Com a finalidade de auxiliar o planejamento e condução da auditoria para
avaliação de um Centro VTS, a publicação IALA Guideline G1101 "Auditing and Assessing
a VTS" fornece informações e orientações às Autoridades Competentes e Provedores de
VTS, com o objetivo de assegurar que:
a) existe a conformidade do VTS com as obrigações internacionais;
b) o desempenho técnico dos equipamentos atende aos objetivos planejados
para o VTS;
c) os objetivos operacionais estão sendo atendidos; e
d) o grau de risco identificado na determinação da necessidade do VTS foi
atenuado ou, pelo menos, reduzido a um nível aceitável.
Devido ao
caráter de auxílio eletrônico
à navegação de um
VTS, a
Organização Militar da Marinha do Brasil responsável por realizar VISITEC nesse âmbito
é o CAMR.
As VISITEC podem ser eventuais, por ocasião do pedido de licenciamento para
operação do Centro VTS ou anuais, com a finalidade de atestar a manutenção da
capacidade do VTS em operação para permanecer fornecendo o Serviço.
Para atingir o objetivo da VISITEC, serão realizados exercícios práticos de
acompanhamento e interação do Centro VTS com o tráfego marítimo local, sendo
necessária a utilização de embarcação do porte de um Rebocador de porto, dotada de
transceptor AIS e apta a navegar na área de cobertura do VTS. Na ocasião, também será
inspecionado o funcionamento dos sensores (radar, AIS, câmeras de vídeo etc.), dos
equipamentos de radiotelefonia e dos sistemas de gravação e reprodução de dados, por
meio de exercícios práticos de localização e identificação de embarcações.
Para a realização dos exercícios práticos (Exercício Dinâmico), a Autoridade
VTS deverá disponibilizar uma embarcação com AIS para embarque de um Oficial, com
a finalidade de simular o monitoramento do tráfego e situações previstas nos SOP.
Com relação ao pessoal VTS, serão verificados os lançamentos realizados nas
cadernetas registro e as qualificações dos OJTI. Quanto ao desempenho prático, os VTSO
e VTSS serão avaliados nas Posições Operacionais, seja por observação do serviço
ordinário de acompanhamento do tráfego, seja pela introdução de exercícios práticos,
que serão executados de forma a não interferir com a segurança da navegação.

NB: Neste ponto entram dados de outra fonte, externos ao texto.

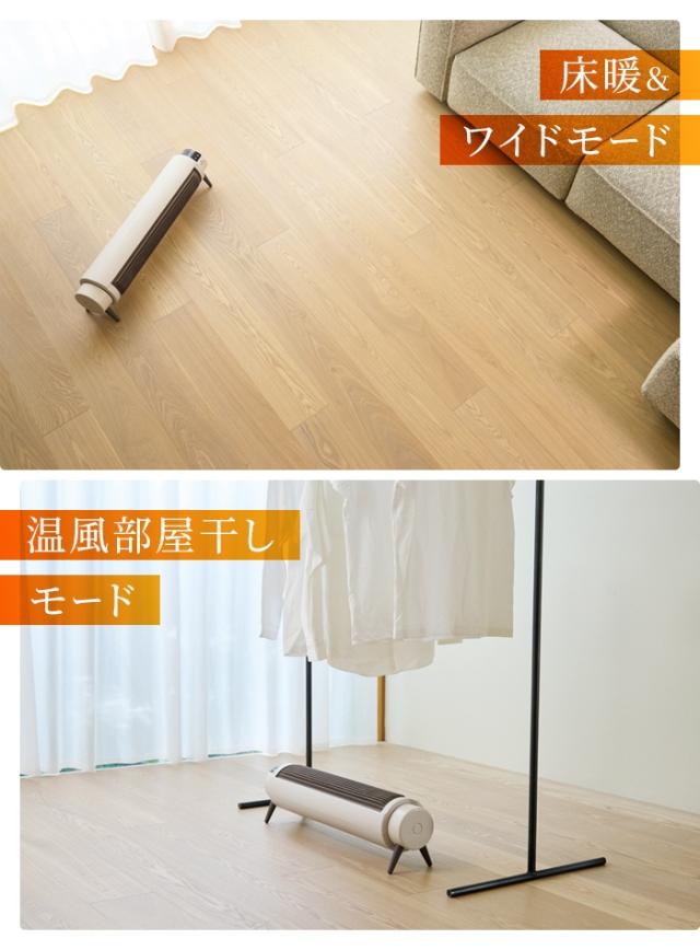 | 寝っころがりたくなるフローリングに!冬の部屋干しも助ける”どこでも床暖” 好きな場所に置くだけで広範囲に足元のあたためが可能。 一般的なヒーターの送風口が16〜18cmなのに対し、 本製品の送風口は約34cmの広め設計により、温風が足元をそっと包み込みます。 また、上向き中心にスイングする「衣類モード」も搭載。 洗濯物の直下からの温風で衣類乾燥の効率がアップします。 フィルターは水洗いできて、お手入れ簡単。 6時間自動電源オフ、チャイルドロック、転倒時自動オフなど、小さなお子様やペットがいるご家庭でも安心してご使用いただける機能が充実。 |
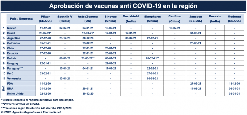 Se trata de la quinta aprobación que concede la agencia regulatoria de Brasil. Las primeras en recibir el visto bueno fueron la vacuna china de Sinovac; y la india Covishield, ambas respaldadas el 17 de enero. Un mes después le llegó el OK a la vacuna del binomio Pfizer/BioNTech; y en marzo a la vacuna de la británica AstraZeneca en conjunto con la Universidad de Oxford. Tanto a la de Pfizer como a la de AZ, la ANVISA les otorgó el registro definitivo para uso amplio.

Ao final da VISITEC, será elaborado um relatório, com cópia para o AAM na
área em que o Centro VTS estiver situado e para o Provedor de VTS. De posse do
relatório, caso sejam constatadas irregularidades no serviço, a Diretoria de Hidrografia e
Navegação determinará as medidas de correção cabíveis ou, eventualmente, revogará a
Licença de Operação, nas situações em que houver comprometimento da segurança da
navegação ou descumprimento do estabelecido por estas Normas.
A
equipe
encarregada
da
VISITEC será
composta
de
até
cinco
(05)
componentes, cabendo ao CAMR elaborar as
instruções específicas para o seu
planejamento e execução.
As despesas (deslocamento, hospedagem e alimentação) referentes à equipe
que realizará a VISITEC serão custeadas pela AP ou Operador de TUP responsável pelo
VTS, devendo ser disponibilizado transporte aéreo para deslocamentos superiores a 250
Km, utilizando-se como referência a cidade de Niterói/RJ, onde está situado o CAMR.
O detalhamento das providências necessárias para subsidiar o planejamento,
condução das VISITEC e ações decorrentes, constam do anexo F desta norma.